Adding a bias to the first convolution is a little more complicated. Therefore, we will go in two stages. To begin with, we note that the use of bias in convolution is equivalent to creating an additional feature map in which the features of each channel will be constants and equal to the bias parameters. Then add this feature to the output of the convolution.

kernel_size_1 = np.array([3, 3])
kernel_size_2 = np.array([3, 5])
kernel_size_merged = kernel_size_1 + kernel_size_2 - 1

conv1 = torch.nn.Conv2d(2, 3, kernel_size_1, bias=True)
conv2 = torch.nn.Conv2d(3, 5, kernel_size_2, bias=False)


x = torch.randn([1, 2, 9, 9])
out = conv2(conv1(x))



new_conv = torch.nn.Conv2d(2, 5, kernel_size_merged, bias=False)
padding = [kernel_size_2[0]-1, kernel_size_2[1]-1]

new_conv.weight.data = torch.conv2d(conv1.weight.data.permute(1, 0, 2, 3),
                                    conv2.weight.data.flip(-1, -2),
                                    padding=padding).permute(1, 0, 2, 3)


new_out = new_conv(x)

add_x = torch.ones(1, 3, 7, 7) * conv1.bias.data[None, :, None, None] # Тут делается доп фичимапа
new_out += conv2(add_x) 

assert (torch.abs(out - new_out) < 1e-6).min()

But we don’t want to create this extra feature every time, we want to somehow change the convolution parameters. And we can do it. It is enough just to note that after applying convolution over a constant feature map, another constant feature map will be obtained. The motivation is simple — wherever we put the window, the slice will be the same. So, it’s enough for us to convolve this feature map just once, see what features we get on each channel, and put them in bias.

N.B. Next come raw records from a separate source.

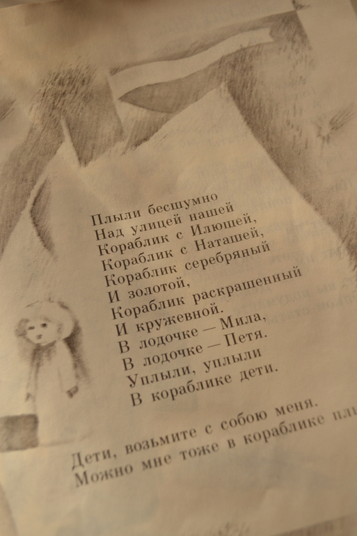 Следующий раздел одноименный названию книги: "Лунный кораблик". Здесь уже появляются философские стихи, есть азбука, цифры, стихи с воспитательным уклоном.
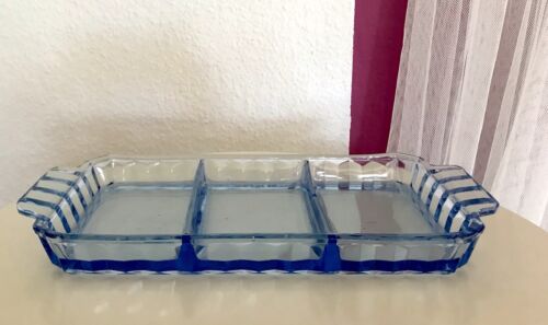 Antik Art Déco Kabarett Servierschale blau Pressglas Schale Brockwitz
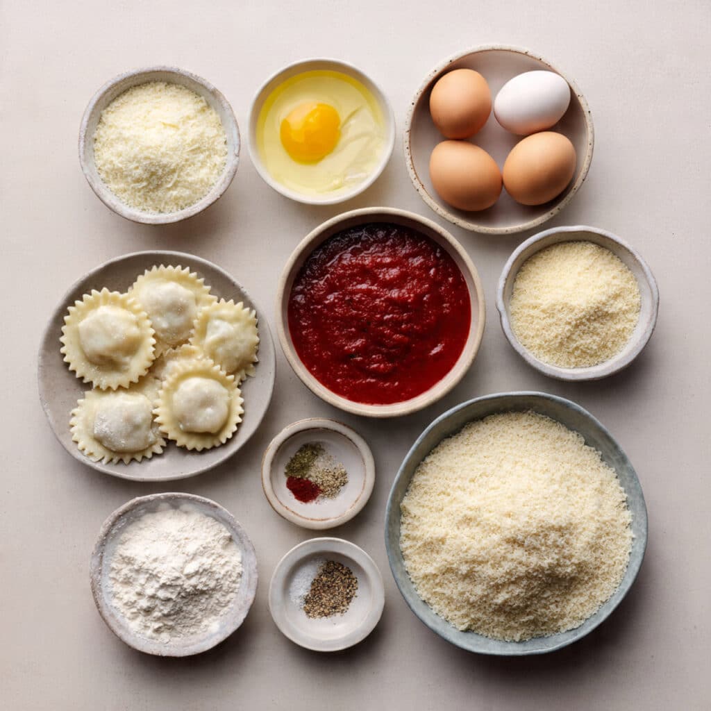 - Assemble the Dish: Dip each ravioli into flour, then egg, then breadcrumb mixture, making sure it is fully coated.

kernel_size_1 = np.array([3, 3])
kernel_size_2 = np.array([3, 5])
kernel_size_merged = kernel_size_1 + kernel_size_2 - 1

conv1 = torch.nn.Conv2d(2, 3, kernel_size_1, bias=True)
conv2 = torch.nn.Conv2d(3, 5, kernel_size_2, bias=True)

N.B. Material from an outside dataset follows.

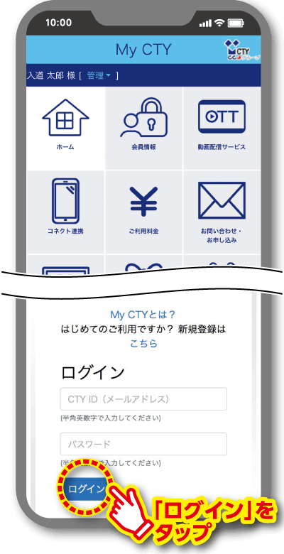 ページ下部のMy CTY または My CNSへお進みください。登録済みの方はログインを、登録がお済みでない方は登録をお願いいたします。

x = torch.randn([1, 2, 9, 9])
out = conv2(conv1(x))



new_conv = torch.nn.Conv2d(2, 5, kernel_size_merged)
padding = [kernel_size_2[0]-1, kernel_size_2[1]-1]

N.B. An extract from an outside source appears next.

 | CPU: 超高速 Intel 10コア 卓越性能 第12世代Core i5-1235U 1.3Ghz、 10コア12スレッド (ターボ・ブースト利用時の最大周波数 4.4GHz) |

new_conv.weight.data = torch.conv2d(conv1.weight.data.permute(1, 0, 2, 3),
                                    conv2.weight.data.flip(-1, -2),
                                    padding=padding).permute(1, 0, 2, 3)


add_x = torch.ones(1, 3, *kernel_size_2) * conv1.bias.data[None, :, None, None]

# Эта операция одновременно переносит биас из первой свертки и добавляет биас второй.
new_conv.bias.data = conv2(add_x).flatten()
new_out = new_conv(x)

assert (torch.abs(out - new_out) < 1e-6).min()

It remains just to wrap it all in a function, removing the magic constants for dimensions.

import torch
import numpy as np

def merge_two_conv(conv1, conv2):
    kernel_size_1 = np.array(conv1.weight.size()[-2:])
    kernel_size_2 = np.array(conv2.weight.size()[-2:])
    kernel_size_merged = kernel_size_1 + kernel_size_2 - 1
    
    
    in_channels = conv1.weight.size()[1]
    out_channels = conv2.weight.size()[0]
    inner_channels = conv1.weight.size()[0]

    new_conv = torch.nn.Conv2d(in_channels, out_channels, kernel_size_merged)
    padding = [kernel_size_2[0]-1, kernel_size_2[1]-1]

    new_conv.weight.data = torch.conv2d(conv1.weight.data.permute(1, 0, 2, 3),
                                        conv2.weight.data.flip(-1, -2),
                                        padding=padding).permute(1, 0, 2, 3)


    add_x = torch.ones(1, inner_channels, *kernel_size_2)
    add_x *= conv1.bias.data[None, :, None, None]
    
    new_conv.bias.data = torch.conv2d(add_x,
                                      conv2.weight.data).flatten()
        
    new_conv.bias.data += conv2.bias.data
    return new_conv

conv1 = torch.nn.Conv2d(2, 3, 3)
conv2 = torch.nn.Conv2d(3, 5, (4, 5))
new_conv = merge_two_conv(conv1, conv2)

x = torch.randn([1, 2, 9, 9])

assert (torch.abs(conv2(conv1(x)) - new_conv(x)) < 1e-6).min()

At the end of the article, I want to say that our function will not work with every convolution. In this implementation, we did not take into account padding, dilation, strides, or groups. But nevertheless, I showed everything I wanted. It probably makes little sense to improve it further, since I have seen the tasks of collapsing two convolutions into one only once, (here), and even here, the second convolution was 1x1.